Analyst Conference Summary


conference date: October 23, 2018 @ 2:00 PM Pacific Time
for quarter ending: September 30, 2018 (fiscal third quarter, Q3 2018)

Forward-looking statements

Overview: Continued rapid revenue and non-GAAP profit growth.

Basic data (GAAP):

Revenue was $853 million, up 3% sequentially from $830 million and up 20% from $714 million in the year-earlier quarter.

Net income was $199 million, down 5% sequentially from $209 million, and up 22% from $163 million year-earlier.

Diluted EPS was $1.33, down 6% sequentially from $1.41, and up 20% from $1.11 year-earlier.

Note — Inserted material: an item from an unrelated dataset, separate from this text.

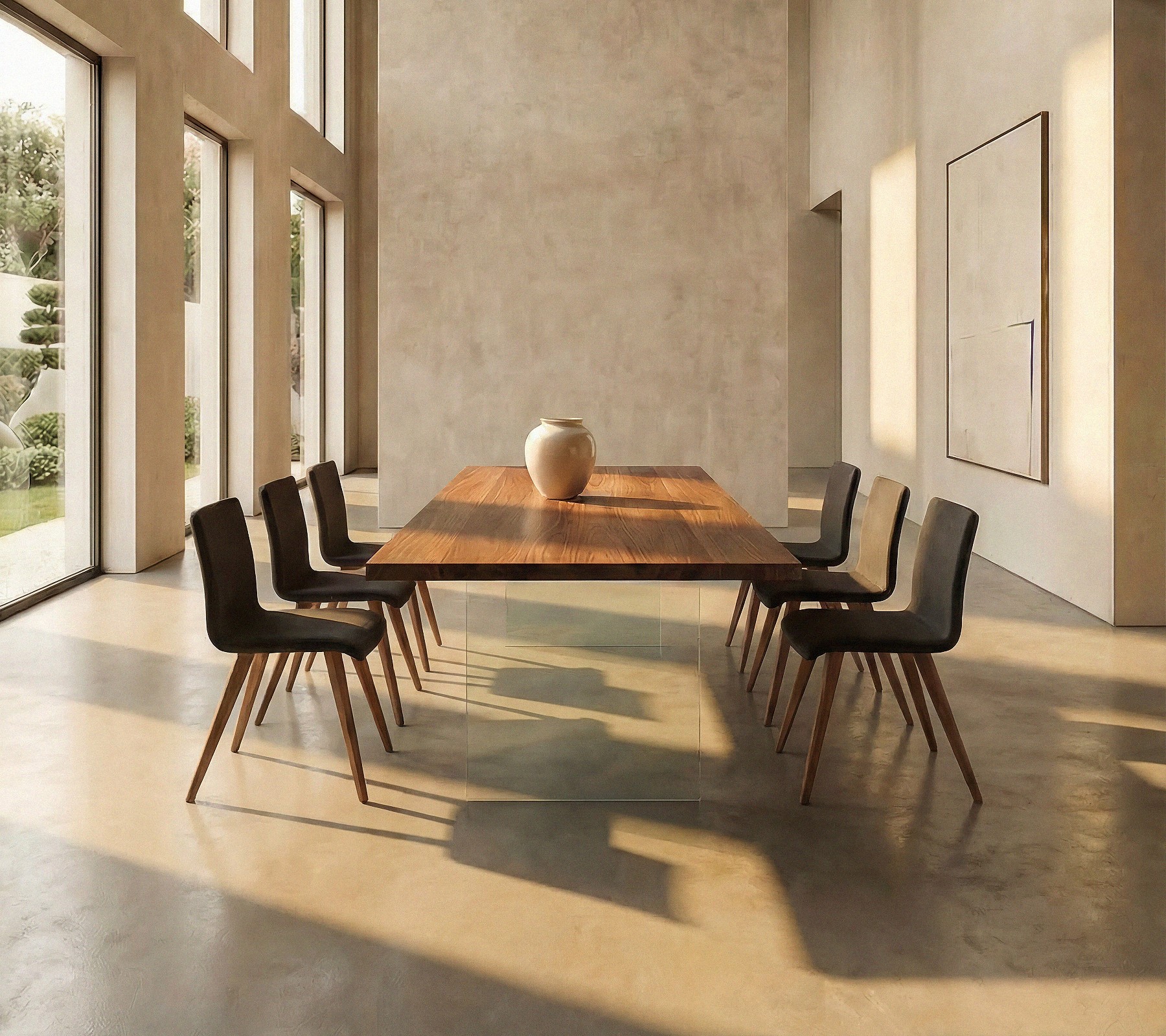Als würde die Tischplatte schweben. Der Esstisch Miami verkörpert schlichte Eleganz, die jedes Designer-Herz höherschlagen lassen. Diese außergewöhnliche Gestalt bietet dabei verführerische Anmut der Holz-Glas-Kombination. Fast schon schwebend fügt er sich in jeden Wohnstil und gibt jedem Essbereich sein persönliches Statement.

For fiscal 2018, revenue growth of approximately 20%. Fiscal 2018 GAAP earnings per diluted share of $5.32 to $5.37 and non-GAAP earnings per diluted share of $5.70 to $5.75.

Conference Highlights:

Francis deSouza, President and CEO, said "Illumina's strong performance in the third quarter of 2018 reflected growth across our sequencing and arrays portfolios. Sequencing system revenue of $138 million was the strongest since 2015, reflecting strong demand within our sequencing family from the NovaSeq, the most powerful and flexible sequencer ever, to the iSeq, our most accessible and easiest-to-use sequencer."

S4 flow cells were the highest revenue contributor in the family. NextSeq consumable revenue did extremely well. A legal settlement with Premaitha led to a supply and license agreement.

Sequencing instrument revenue was $138 million, up 12% sequentially, and up 8% from $128 million year-earlier. $154 total instrument revenue (sequencing + array). Revenue was from consumables was $550 million, up 2% sequentially from $540 million, and up 22% from $451 million year-earlier; 55% of revenue.

$134 million microarray revenue, up 11% y/y from $121 million.

Product revenue was $710 million, up 5% sequentially from $673 million, and up 19% y/y from $596 million.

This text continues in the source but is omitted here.